Kapal Kontainer Verizon Terbakar Saat Sandar di Tanjung Perak

GeNews.co.id – Kebakaran terjadi di kapal kontainer Verizon yang tengah bersandar di Dermaga Berlian Timur, Pelabuhan Tanjung Perak, Surabaya, pada Senin (29/12/2025) dini hari. Insiden yang berlangsung sekitar pukul 05.00 WIB itu sempat menimbulkan kepanikan di area pelabuhan karena asap hitam tebal terlihat membumbung dari dalam kapal.

Dinas Pemadam Kebakaran dan Penyelamatan (DPKP) Surabaya mengonfirmasi bahwa laporan kejadian masuk tepat pada pukul 05.00 WIB. Kapal yang memiliki panjang 145 meter tersebut diketahui mengeluarkan kepulan asap tebal dan pekat dari bagian bawah dek, sehingga para petugas pemadam langsung dikerahkan menuju titik kebakaran untuk melakukan penanganan awal.

Titik Api Berasal dari area tangki Bahan Bakar

Operasi pemadaman berlangsung intensif selama hampir lima jam. Titik api utama akhirnya dapat ditangani pada pukul 09.05 WIB, lalu dilanjutkan dengan proses pendinginan untuk mencegah penyalaan ulang. Tahap tersebut selesai sekitar pukul 09.58 WIB. Sebanyak 22 anak buah kapal (ABK) dipastikan selamat, tanpa ada laporan korban luka maupun korban jiwa.

Temuan pemeriksaan awal mengarah pada area tangki bahan bakar yang berada di dekat ruang permesinan sebagai titik awal munculnya api. Petugas mengungkap bahwa lokasi kebakaran berada di rongga dalam kapal dengan kedalaman sekitar 6–7 meter, kondisi yang menyulitkan akses dan memperlambat proses pemadaman karena terbatasnya sirkulasi udara serta tingginya akumulasi asap.

Api sempat menjalar ke sejumlah ruang penyimpanan di dalam kapal. Area penyimpanan cat, gudang tabung gas COâ‚‚, serta ruang penyimpanan logistik lainnya turut terdampak. Meski demikian, tim pemadam berhasil melokalisasi api dan mencegahnya menyebar ke seluruh struktur kapal.

Ada 9 Ton bahan bakar Minyak

Sebelum kebakaran, kapal dilaporkan membawa sekitar sembilan ton bahan bakar minyak, ditambah dua ton cadangan BBM hitam. Setelah api padam, volume bahan bakar tersisa diperkirakan tinggal 40 persen dari total muatan awal. Sementara itu, area yang hangus diperkirakan sekitar 20 meter persegi dari total luas struktur kapal yang jauh lebih besar.
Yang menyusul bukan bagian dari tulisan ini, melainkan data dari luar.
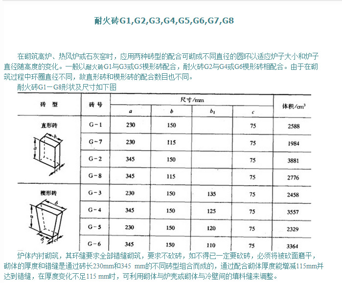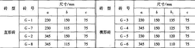 如果單獨(dú)用G-3、G-4、G-5、G-6楔形磚砌環(huán)圈可列出式:nx=(2πa)/(b-b1)式中nx——砌—個環(huán)圈的楔形磚數(shù),塊;a——磚長度,mm; b——楔形磚大頭寬度,mm;b1——楔形磚小頭寬度,mm。
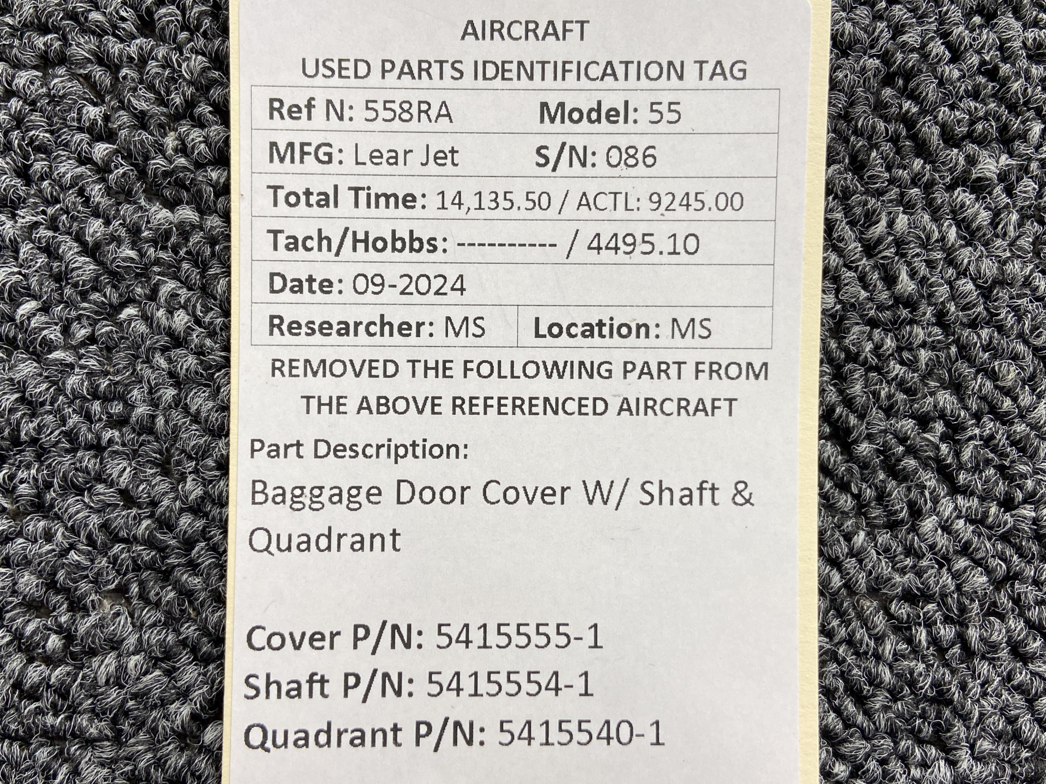 - Shaft Part Number: 5415554-1

Kapolsek Pabean Cantikan, Kompol Eko Adi Wibowo, menyampaikan dugaan sementara penyebab kejadian mengarah pada korsleting arus listrik di sistem permesinan. Untuk memastikan pemicu pasti, polisi masih melakukan penyelidikan lanjutan melalui tim identifikasi forensik (Inafis) dan Satres Pelabuhan Tanjung Perak, termasuk pemeriksaan saksi di sekitar dermaga.

Proses Pemadaman Terkendali dan Tidak Mengganggu Arus lalu Lintas

Proses pemadaman dipastikan tidak mengganggu arus lalu lintas kapal di pelabuhan. Aktivitas bongkar muat maupun sandar kapal lain tetap berlangsung seperti biasa, dengan pengaturan dari pihak Pelindo dan Pelindo Regional 3 agar area kejadian tetap steril selama proses penanganan.

Terminal Petikemas Berlian (TPK Berlian) kembali membuka layanan operasional pada pukul 09.20 WIB, setelah situasi dinyatakan terkendali. Saat ini, kapal Verizon telah dinyatakan aman, namun masih berada dalam pengawasan otoritas pelabuhan dan aparat terkait.


Penyelidikan menyeluruh masih berjalan untuk mengungkap penyebab final sekaligus mengevaluasi standar keselamatan kapal dan prosedur darurat di lingkungan pelabuhan. Tragedi ini menjadi pengingat pentingnya mitigasi risiko kelistrikan dan pengawasan sistem mesin pada kapal bersandar.